In the mean time, I had the translation sitting around. When the official edition of the seminar appeared in French, Nassif’s text was not included. There is thus no more ‘official’ edition than the one in the typescripts, nor is one likely to be forthcoming. From the point of view of Lacan scholarship, this is reasonable; and indeed given that what is at issue is a rough presentation that was composed in the course of a week, it is hardly surprising that the editors — and quite probably Nassif himself — saw fit to let it lie.  For several years, I have done the same.

Nevertheless — especially given Lacan’s rather pointed ‘introduction’ of The Logic of Sense to his seminar the week before — it seems to me that the text retains some considerable interest to those trying to understand the relationship between Deleuze and Lacan.  Indeed, it provides a very rare example of how Deleuze, more or less with Lacan’s authorization, could be read by Lacanians prior to what Monique David-Ménard rather pointedly calls “the altercation” of the 1970s.

Accordingly, I present here a revision of my translation of Nassif’s presentation, with the original French text from the typescript linked above en face.

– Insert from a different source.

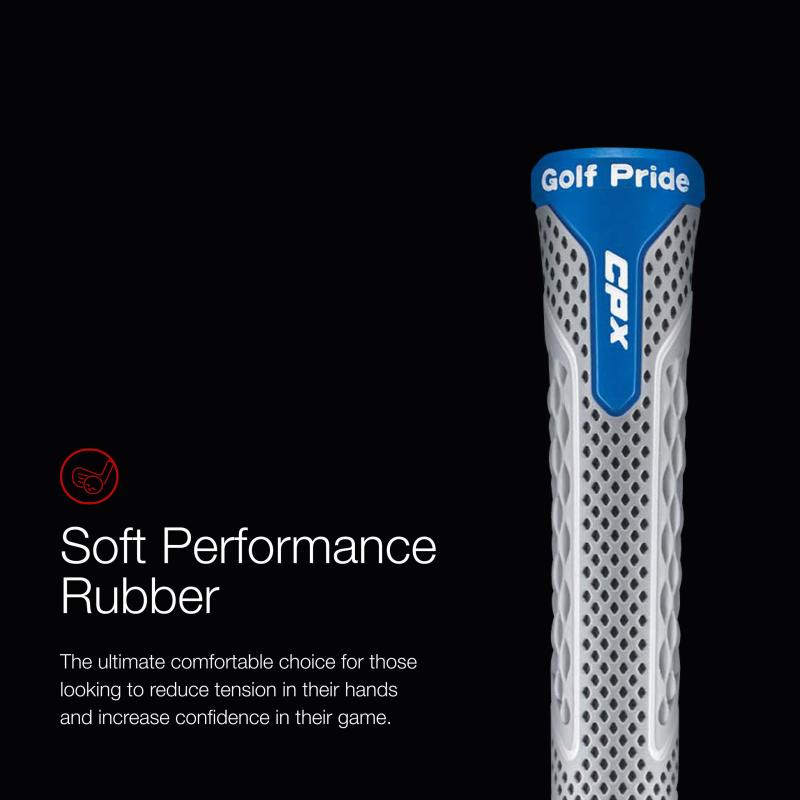 Golf Pride CPx スタンダードグリップ。Golf Prideの最もソフトなパフォーマンスグリップ。EXOのダイヤモンドキルトパターンは、振動を減らし、手の快適さを最大限に引き出します。より大きな下部ハンドでグリップ圧を軽くし、パワーアップ。コアサイズ:60ラウンド重量:52g

J Nassif on Deleuze’s Logic of Sense, Presented to Lacan’s Seminar, 3-19-1969

Comments on or corrections to the translation are, of course, welcome. There are several passages that are tricky and awkward, especially given the emendations in the text. Also, as the opportunity presents itself, I hope to work on translating the relevant sections of the two meetings of the seminar before and after March 19th, where Lacan introduces The Logic of Sense and makes a few comments in the aftermath of Nassif’s presentation. I will update this post with links to those materials, as appropriate. Perhaps someday I’ll even finish writing up my discussion of the various ‘moving parts’ animating the episode.